That's where we differ.
Comprehension?
I love my Dad, brothers, son and I like and respect all the TW I know. But I know that many women will feel unsafe in an enclosed space with them.
I love my dad and brothers, but I don't expect other women to love them all too.
I'm never going to feel unsafe in an enclosed space with my dad, brother or either of my sons.
I wouldn't feel unsafe with my male family or friends either but I wouldn't expect other women to be happy in that situation. It's not for me to impose them on other women, even if I pin a note to each man explaining how lovely he is.
I don't see why because I don't know them personally like you say, must mean they're bad
I don't see why it must mean they are good either. And if a man is bad he can do me much more damage than a woman could. So it's easier to assume they all have the capacity to be bad. That isn't the same as assuming they all actually ARE bad. If I thought all men were likely to attack me I'd live in a fort and buy lots of guns.
Must be an exhausting way to live. Not really, it becomes second nature. Is driving exhausting? Constantly checking mirrors, anticipating other drivers' movements, keeping an eye on the road, adjusting driving style for the conditions, keeping your own car roadworthy, etc... Most people do all this without consciously thinking about it. The same way that most women constantly assess the men in a room, what they are up to, their body movements, anything out of the ordinary.
"The Gift of Fear" is very good for things like this. There's a story from a client who was brutally raped. Her attacker was in her home. He went to the kitchen and somehow she knew he was going to return and kill her, although he was calm with her.
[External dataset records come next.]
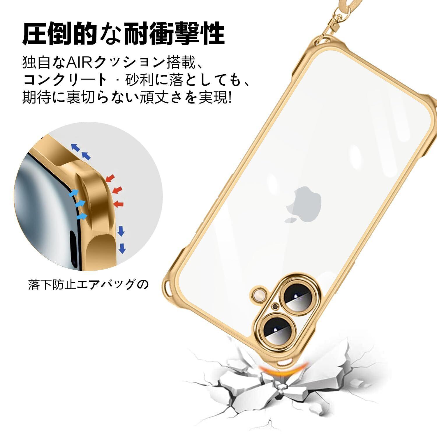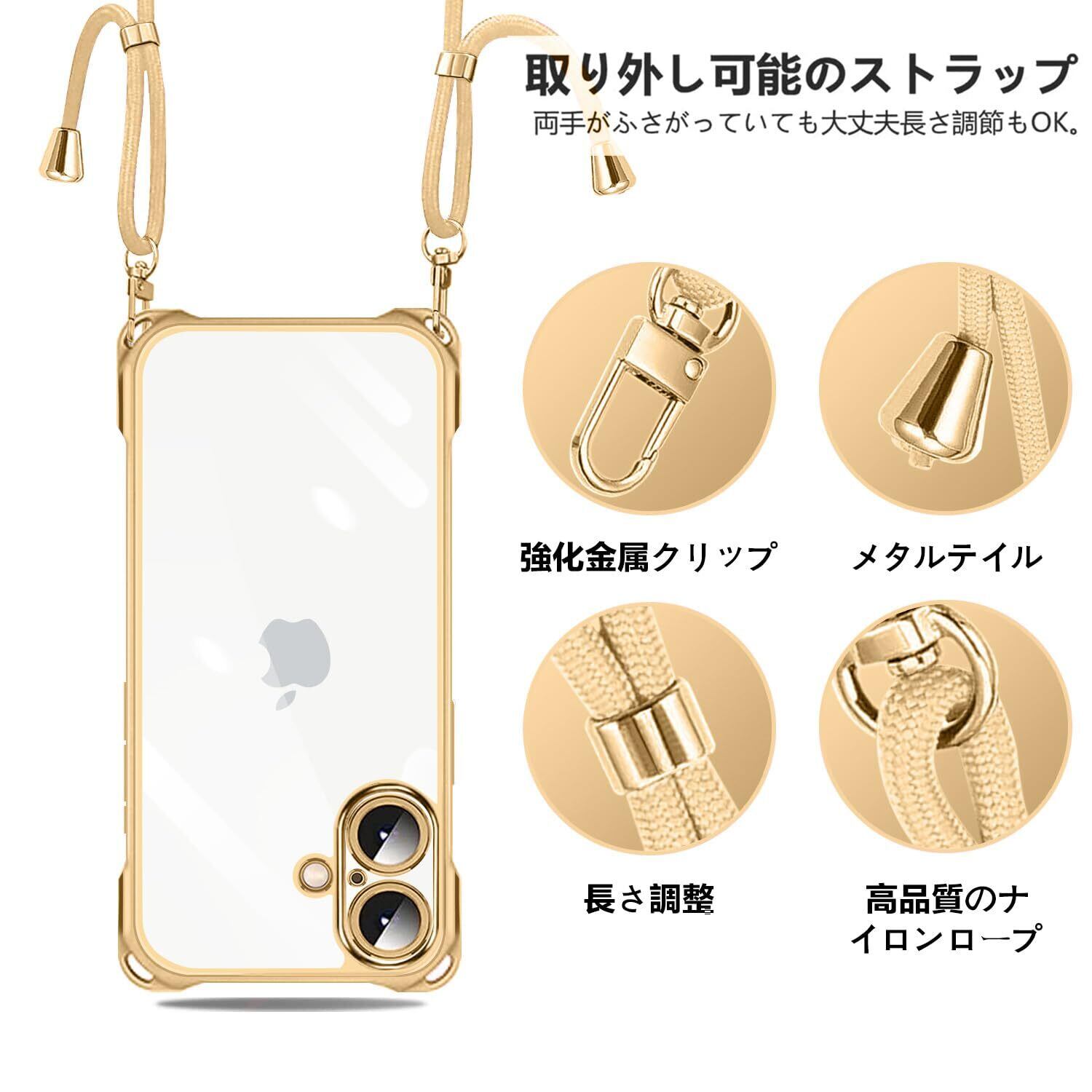 iPhone 16 Plus 用 ケース クリア ショルダー iPhone16plus 用 スマホケース アイフォン16Plus カバー 肩掛け 斜めかけ 縄掛けケース 透明 TPU 薄型 軽量 耐衝撃 携帯ケース 紐付き 斜めがけ 織りストラップ付き ネックストラップ ショルダー ケース 縦/横 2WAY 長さ調整可能 取り外し可能 落下防止 紛失防止 ワイヤレス充電対応 (ゴールド)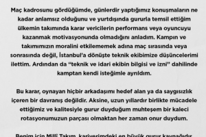 當(dāng)看到比賽名單時(shí),我才意識到這些天來的溝通毫無意義——那些在海外為國爭光的球員,在國家隊(duì)決策者眼中,其表現(xiàn)和斗志根本不被重視。為避免影響集訓(xùn)營和球隊(duì)士氣,我選擇在返回伊斯坦布爾后向技術(shù)團(tuán)隊(duì)傳達(dá)了我的想法,而非在比賽期間或賽后,隨后在‘技術(shù)和管理團(tuán)隊(duì)知情并同意’的情況下,我自愿離開了集訓(xùn)營。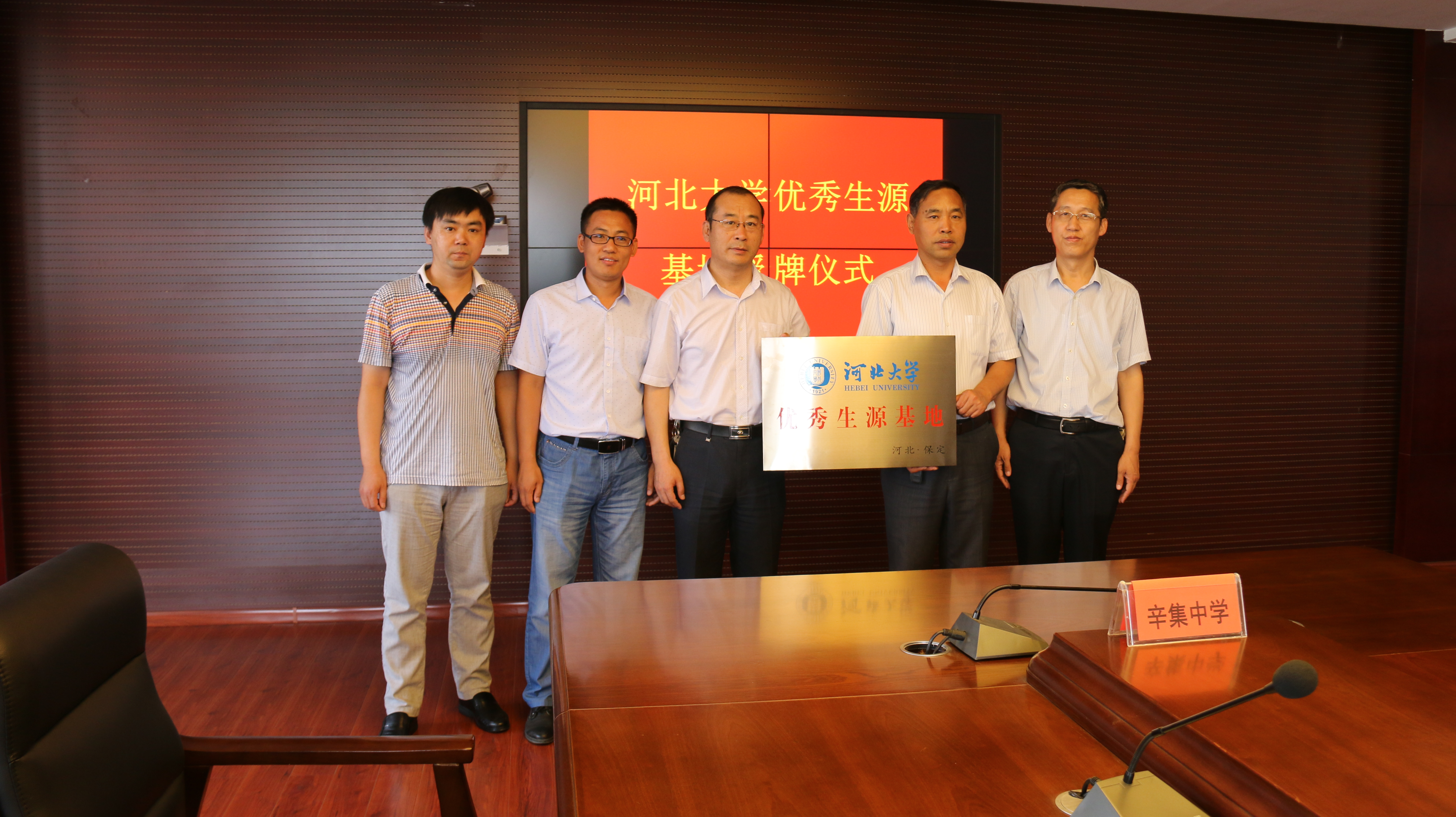 为进一步拓展建设河北大学优秀生源基地,加强我校与省内示范中学的交流与沟通,提升学校影响力,吸引更多优质生源,受学校教务处委托,6月15日和6月22日,物理科学与技术学院党委书记刘爱欣带队分别赴邢台市和辛集市,在邢台第二中学和辛集中学举办河北大学“优秀生源基地”挂牌仪式,并与邢台第二中学刘运波副校长、辛集中学党委书记李敬考等负责人进行了座谈,对两所中学为我校输送优秀生源表示感谢,简要介绍了河北大学和物理科学与技术学院在本科专业、师资队伍、人才培养上的特色和优势。双方共同希望以“优秀生源基地”的建立为起点,在“专家讲座、优秀学子宣讲、大学夏令营、中学教师进修” 等方面开展合作。

When she was being counselled by the author of the book he helped her realise why she knew he was going to kill her. He had shut the windows. To mask the sound. She hadn't even made a conscious decision about it - but she listened to her instinct and survived by escaping down the hall and out the front door.
We all have those instincts. We should use them. If that means occasionally a man feels slightly insulted, fine. If it means you don't understand my concerns, also fine. But you don't get to decide for me what is reasonable and what isn't.